Long time, no blog. It’s been so long in fact that the other day I mentioned that I wrote a blog and felt like a damn liar.
SO much has happened in the months since I last checked in so I’ll start in chronological order.
MAY:
I had surgery in May. Actually the day after my last post, on May 5th.
More specifically, I got a breast reduction. YUP. True story.
I had
wanted one for over 20 years. Ever since I got boobs. Because when I got
them… I GOT them! When I went
in for surgery I was an “E”. I mean…. I bought DDD bras because I
could not bring myself to actually buy an “E” bra, but that’s exactly
what I was. <<Pretty sure spilling out of one size means you should
actually size up.>> Most of the people in my life had NO idea I was that "large and in charge"

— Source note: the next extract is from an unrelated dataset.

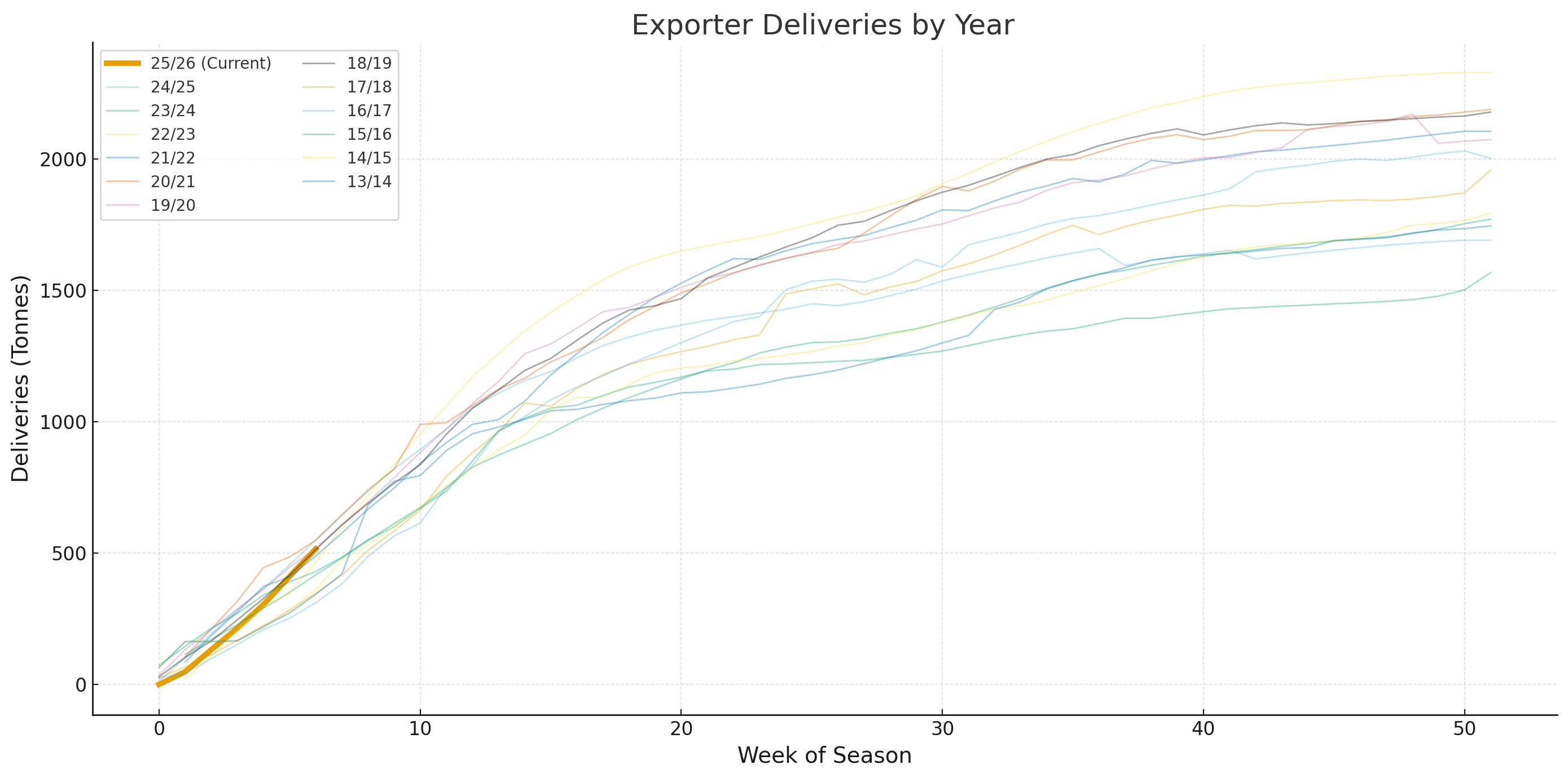 The discrepancy between weekly strength and cumulative lag says a lot: the crop is not booming, but neither is it collapsing. The market is learning to live with a slightly smaller, but not disastrous, 2025/26 main crop.

because I NEVER left the house without a minimizer bra on (yes, those are real things and they SUCK) and if I was
working out I would wear 2-3 sports bras at one time. I always joked
that I stored half of my boobs under my armpits.
I never really “lead” with them if you know what I am saying. I didn’t
wear push-up bras or enhancing bras. Shiiit, I never even really wore a
normal bra for fear that I would look like Dolly Parton. I hated them.
Always had.
Maybe you don’t care about my breast
reduction, but maybe you do. Maybe you too have always wanted one or
know someone who does. Maybe your back hurts, your posture suffers, you
don’t feel “sexy”, they are in the way, you hate having to wear a bra
that feels more like a mid-century torture device.
So… here are a few things you should know.
#1. It is WAAAAAAAAAY more intense than getting breast implants (or so my doctor told me).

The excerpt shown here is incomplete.